### EXERCISE OBJECTIVE
The lines to reproduce run from the first one below to the line containing "This oval shaped", both included. Reproduce them exactly and nothing else.

(Items listed in a dataset)
____________

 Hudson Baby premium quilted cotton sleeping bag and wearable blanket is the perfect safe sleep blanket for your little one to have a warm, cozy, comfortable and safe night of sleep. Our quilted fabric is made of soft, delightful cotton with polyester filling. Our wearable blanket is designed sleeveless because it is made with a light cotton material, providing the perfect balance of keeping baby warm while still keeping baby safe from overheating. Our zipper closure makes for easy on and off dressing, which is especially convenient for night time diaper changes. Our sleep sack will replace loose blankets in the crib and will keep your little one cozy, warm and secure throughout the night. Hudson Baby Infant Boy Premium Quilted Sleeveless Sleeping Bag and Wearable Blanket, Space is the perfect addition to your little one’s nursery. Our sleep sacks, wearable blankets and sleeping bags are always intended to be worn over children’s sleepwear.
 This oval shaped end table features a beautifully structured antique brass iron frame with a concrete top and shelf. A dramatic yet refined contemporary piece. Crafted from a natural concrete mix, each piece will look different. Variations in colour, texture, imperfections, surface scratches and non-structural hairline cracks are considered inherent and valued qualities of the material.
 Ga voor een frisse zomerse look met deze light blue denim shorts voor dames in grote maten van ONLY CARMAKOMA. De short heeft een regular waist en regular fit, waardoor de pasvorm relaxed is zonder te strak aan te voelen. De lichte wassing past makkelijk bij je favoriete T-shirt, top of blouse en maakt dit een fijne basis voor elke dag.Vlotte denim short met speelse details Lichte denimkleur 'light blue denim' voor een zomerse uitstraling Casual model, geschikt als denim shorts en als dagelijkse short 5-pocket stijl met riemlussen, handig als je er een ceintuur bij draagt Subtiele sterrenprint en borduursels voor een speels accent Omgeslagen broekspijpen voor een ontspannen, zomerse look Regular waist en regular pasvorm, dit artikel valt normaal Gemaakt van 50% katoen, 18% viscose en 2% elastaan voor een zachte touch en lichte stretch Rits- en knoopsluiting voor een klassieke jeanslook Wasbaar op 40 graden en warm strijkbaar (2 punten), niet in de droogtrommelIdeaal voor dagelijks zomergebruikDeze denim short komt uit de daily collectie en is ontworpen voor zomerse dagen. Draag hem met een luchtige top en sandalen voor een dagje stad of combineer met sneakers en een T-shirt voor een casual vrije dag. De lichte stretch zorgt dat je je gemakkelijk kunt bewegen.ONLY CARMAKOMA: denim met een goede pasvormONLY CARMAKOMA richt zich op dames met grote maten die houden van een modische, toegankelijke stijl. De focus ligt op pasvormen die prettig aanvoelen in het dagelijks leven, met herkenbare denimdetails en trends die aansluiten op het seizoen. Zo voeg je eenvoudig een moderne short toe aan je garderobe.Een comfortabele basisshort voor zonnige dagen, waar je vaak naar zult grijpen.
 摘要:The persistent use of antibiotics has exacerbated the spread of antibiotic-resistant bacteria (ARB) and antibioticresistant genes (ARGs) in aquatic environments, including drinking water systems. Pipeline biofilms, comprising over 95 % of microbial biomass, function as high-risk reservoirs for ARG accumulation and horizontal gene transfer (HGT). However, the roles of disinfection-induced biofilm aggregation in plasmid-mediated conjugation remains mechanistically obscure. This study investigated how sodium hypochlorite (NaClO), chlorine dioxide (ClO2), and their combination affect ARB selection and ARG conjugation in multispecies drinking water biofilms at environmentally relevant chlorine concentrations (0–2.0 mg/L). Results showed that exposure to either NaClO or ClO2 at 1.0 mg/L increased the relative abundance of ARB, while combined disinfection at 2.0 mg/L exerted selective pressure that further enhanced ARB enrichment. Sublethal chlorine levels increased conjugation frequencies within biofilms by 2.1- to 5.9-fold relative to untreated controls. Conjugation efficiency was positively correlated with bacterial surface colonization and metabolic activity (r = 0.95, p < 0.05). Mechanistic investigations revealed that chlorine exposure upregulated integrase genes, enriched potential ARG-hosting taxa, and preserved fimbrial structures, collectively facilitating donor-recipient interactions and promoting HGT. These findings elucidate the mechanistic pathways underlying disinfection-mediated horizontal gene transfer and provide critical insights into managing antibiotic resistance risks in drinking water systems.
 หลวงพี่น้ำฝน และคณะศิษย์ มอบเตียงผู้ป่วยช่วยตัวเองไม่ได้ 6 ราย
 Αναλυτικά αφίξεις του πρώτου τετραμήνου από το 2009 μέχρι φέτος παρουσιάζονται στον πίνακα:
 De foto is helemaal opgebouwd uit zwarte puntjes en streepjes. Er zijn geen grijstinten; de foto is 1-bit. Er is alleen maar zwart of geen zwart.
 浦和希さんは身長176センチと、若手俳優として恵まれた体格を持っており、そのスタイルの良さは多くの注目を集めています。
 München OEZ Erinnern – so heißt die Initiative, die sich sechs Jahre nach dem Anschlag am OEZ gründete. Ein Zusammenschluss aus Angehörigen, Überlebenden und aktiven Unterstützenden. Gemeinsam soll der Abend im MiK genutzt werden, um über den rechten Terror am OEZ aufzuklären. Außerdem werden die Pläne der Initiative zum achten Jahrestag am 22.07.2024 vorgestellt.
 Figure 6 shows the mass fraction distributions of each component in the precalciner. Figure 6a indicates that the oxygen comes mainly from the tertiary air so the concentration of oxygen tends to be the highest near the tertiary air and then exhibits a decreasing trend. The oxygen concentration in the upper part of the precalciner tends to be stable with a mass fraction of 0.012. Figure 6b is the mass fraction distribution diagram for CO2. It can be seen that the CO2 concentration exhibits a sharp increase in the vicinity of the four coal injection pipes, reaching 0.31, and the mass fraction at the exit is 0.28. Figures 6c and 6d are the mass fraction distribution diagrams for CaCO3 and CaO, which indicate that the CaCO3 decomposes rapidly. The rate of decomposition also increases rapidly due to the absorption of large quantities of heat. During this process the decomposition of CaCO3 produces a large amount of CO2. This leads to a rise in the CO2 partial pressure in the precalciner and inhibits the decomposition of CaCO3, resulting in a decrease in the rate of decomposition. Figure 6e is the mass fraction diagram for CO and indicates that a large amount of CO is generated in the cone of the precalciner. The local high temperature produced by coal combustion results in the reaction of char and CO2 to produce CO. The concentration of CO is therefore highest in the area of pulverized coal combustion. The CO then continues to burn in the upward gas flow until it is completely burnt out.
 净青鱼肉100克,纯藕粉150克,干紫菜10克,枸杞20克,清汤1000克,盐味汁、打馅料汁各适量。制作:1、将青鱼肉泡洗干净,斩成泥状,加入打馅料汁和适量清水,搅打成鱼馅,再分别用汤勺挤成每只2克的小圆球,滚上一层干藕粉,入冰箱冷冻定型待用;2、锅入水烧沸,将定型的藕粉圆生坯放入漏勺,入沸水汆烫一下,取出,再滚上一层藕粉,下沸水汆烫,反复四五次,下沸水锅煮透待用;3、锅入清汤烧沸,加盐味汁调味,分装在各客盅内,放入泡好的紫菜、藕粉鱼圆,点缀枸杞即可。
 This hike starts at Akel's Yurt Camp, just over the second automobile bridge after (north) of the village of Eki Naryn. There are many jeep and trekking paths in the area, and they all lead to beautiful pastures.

____________

### TASK RESPONSE
 Hudson Baby premium quilted cotton sleeping bag and wearable blanket is the perfect safe sleep blanket for your little one to have a warm, cozy, comfortable and safe night of sleep. Our quilted fabric is made of soft, delightful cotton with polyester filling. Our wearable blanket is designed sleeveless because it is made with a light cotton material, providing the perfect balance of keeping baby warm while still keeping baby safe from overheating. Our zipper closure makes for easy on and off dressing, which is especially convenient for night time diaper changes. Our sleep sack will replace loose blankets in the crib and will keep your little one cozy, warm and secure throughout the night. Hudson Baby Infant Boy Premium Quilted Sleeveless Sleeping Bag and Wearable Blanket, Space is the perfect addition to your little one’s nursery. Our sleep sacks, wearable blankets and sleeping bags are always intended to be worn over children’s sleepwear.
 This oval shaped end table features a beautifully structured antique brass iron frame with a concrete top and shelf. A dramatic yet refined contemporary piece. Crafted from a natural concrete mix, each piece will look different. Variations in colour, texture, imperfections, surface scratches and non-structural hairline cracks are considered inherent and valued qualities of the material.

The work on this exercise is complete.